Loan application BPMN diagram example
A loan application process is a great BPMN example of risk-based, multi-outcome decisioning. It combines automated checks with human underwriting and has three distinct outcomes.
The process in plain English
An applicant submits a loan request. The system runs automated credit and affordability checks. Low-risk applications are auto-approved; borderline ones go to a human underwriter to approve, refer or decline; high-risk ones are declined automatically. Approved loans are disbursed and the applicant is notified at every outcome.
Steps and their BPMN elements
| Step | BPMN element | Lane |
|---|---|---|
| Application submitted | Message start event | Applicant |
| Run credit & affordability checks | Service task | System |
| Risk band? | Exclusive gateway | System |
| Underwrite application | User task | Underwriter |
| Underwriting decision | Exclusive gateway | Underwriter |
| Disburse funds | Service task | Operations |
| Notify approval | Send task | Operations |
| Notify decline | Send task | Operations |
| Loan disbursed | End event | — |
| Application declined | End event | — |
Key modelling points
- Two gateways: an automated risk band split, then an underwriting decision — keep them separate.

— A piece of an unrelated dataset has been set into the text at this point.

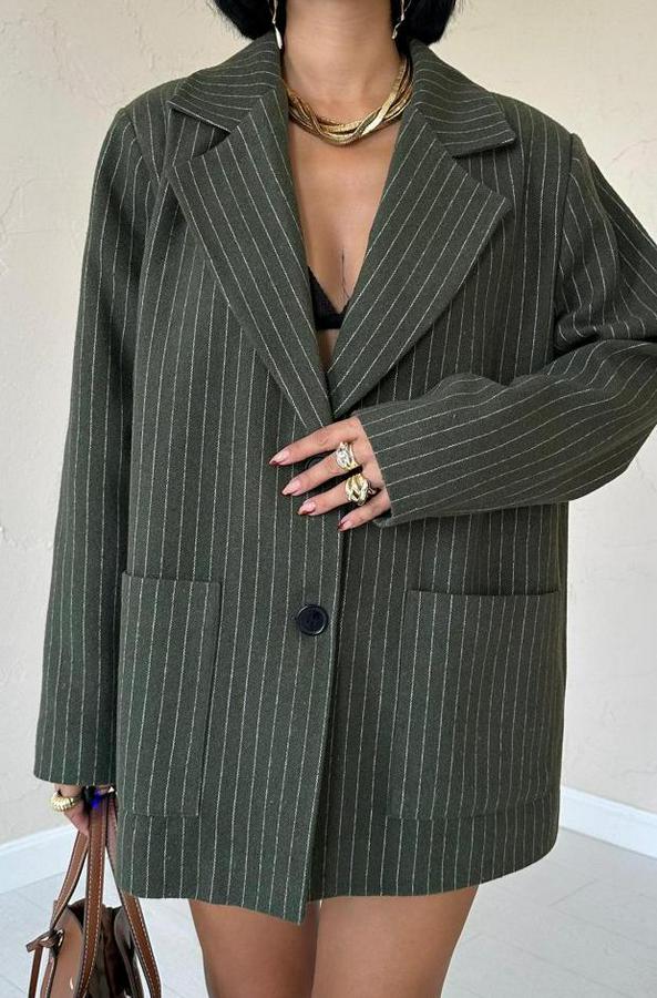 Haki Çizgili Oversize Ceket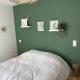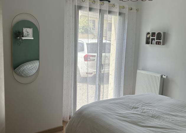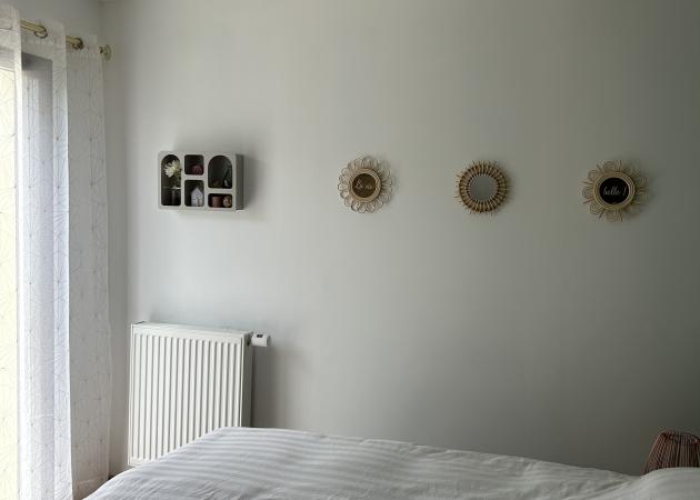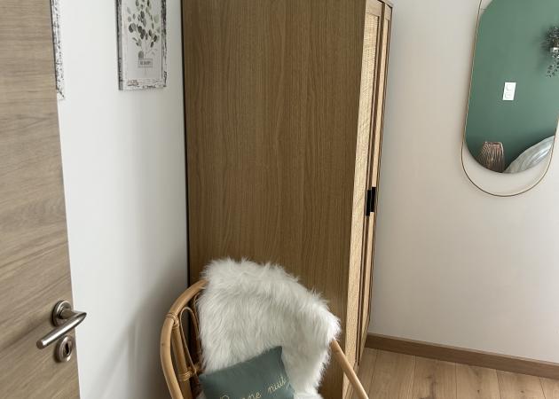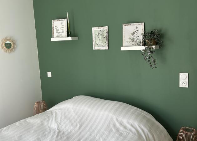 Chambre de 13m2, au rez-de-chaussée, avec porte fenêtre en aluminium, et volet roulant électrique. Chauffage radiateur à eau. Sol en stratifié. Placo et porte isophonique de très bonne facture. Lit de 160x200 cm avec très bon matelas.

- Automated steps are service tasks; the human review is a user task (using the right task type matters here).
- Multiple end events make the three outcomes explicit — better than one vague ending.
Generate your own loan process diagram
Describe your credit rules and decision tiers to BPMN Studio for an editable BPMN 2.0 diagram you can export for a workflow engine. More templates · common mistakes.
Frequently asked questions
How do you model a loan application process in BPMN?
Use a message start event (application submitted), service tasks for automated credit checks, a user task for underwriting, and exclusive gateways for the risk decision (approve, refer, decline). Approved applications continue to a disbursement task; declined ones end with a notification.